Not a day goes by that there isn’t some kind of drama about airlines not operating properly, or federal services being unavailable due to government shutdown, or American businesses and consumers being slammed with price-spiking tariffs, or masked guys from “immigration and customs” showing up in city centers, or some crony getting a pardon or an appointment, or some sworn enemy getting investigated. It’s like permanently living inside a telenovela directed by Caligula.

And when Trump evangelist and fundraiser, Charlie Kirk, was assassinated during a debate on a college campus in September, women all across America had to endure weeks worth of rhetoric, in homage to Charlie, about how they should be living their lives, mostly vis-à-vis men, like it was the 1950s.

 

It echoed the well-worn rhetoric of Kirk and his organization, Talking Point USA, around obedience, submission and traditional roles. Because apparently they figure that women are just like household appliances — they might seem broken, but it’s nothing that a return to factory settings couldn’t fix.

Anyone who has scrolled social media recently can plainly see what young women want these days: mostly to live an independent life over which they have agency — with or without a partner, or kids, (or cats). Instead, they get influencer bros, emboldened by MAGA rhetoric, telling them how they need to live in order to be happy. Usually that involves women's lives orbiting around some dude's and catering to his worldview. Nothing sends a young woman running for the border faster than a bro mansplaining “traditional femininity.”

Look, the facts of life are conservative, as former British Prime Minister Margaret Thatcher once said. And ironically, this is exactly why women are now rebelling. What they want are the most conservative values imaginable: freedom, stability, autonomy. That means that they want the government out of their lives, not for it to just be hijacked by Trump, as he plops himself into the driver’s seat and makes loud proclamations about how he’s the “fertilization president” or the “father” of in-vitro fertilization.

Or about how his policies on such things are “goodies” for women, adopting the lingo normally associated with creeps in ice cream vans. It only reinforces women’s perception that their autonomy is under threat by paternalism masquerading as conservatism.
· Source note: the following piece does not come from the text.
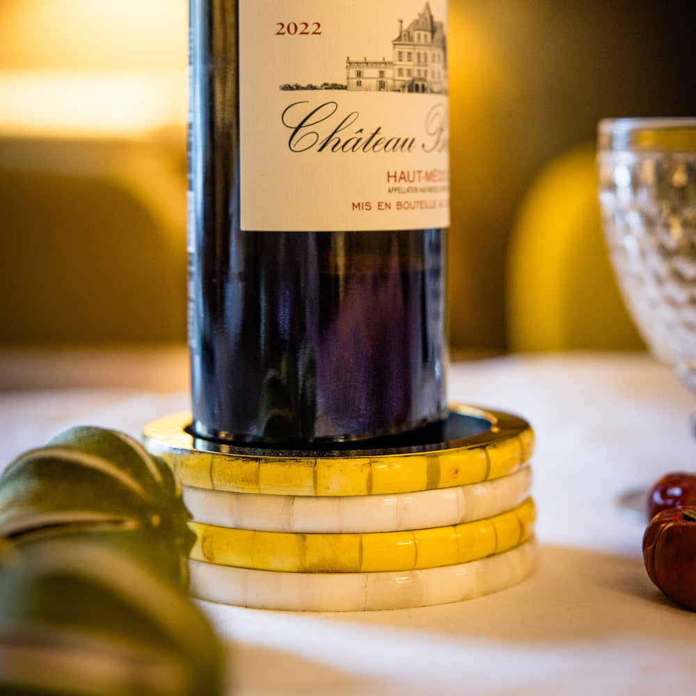 Wine Coaster | Yellow & White | Striped

If women can’t get some peace and quiet in their lives — if Trump can’t tone it down with the nonstop drama and noise — then they’ll just move. To Canada, according to Gallup’s findings. Or New Zealand. Or Japan. Because if the people you’re living with won’t stop yelling at you and trying to boss you around, then you get a new apartment. Or country.

By embracing a freedom-centered conservatism, Trump was supposed to reduce constraints for everyone. Instead, he has instigated a cultural shift. Women in growing numbers are adopting the independent, self-determined lifestyle options that second- wave feminists popularized in the 1970s. And the hallmark of this shift is the unconventional choice to go somewhere they feel they can achieve that lifestyle.

Women are keen to abandon a system that has become overbearing. They're rethinking conventional scripts. These aren’t feminists in an ideological sense, but rather by necessity. And unless Trump can stop running the country like a reality show and encouraging the evolution of manospheric jackassery into a national pastime, women are increasingly likely to pass on the opportunity to stick around and watch the circus unfold in a system that denies them the most basic rights and respect.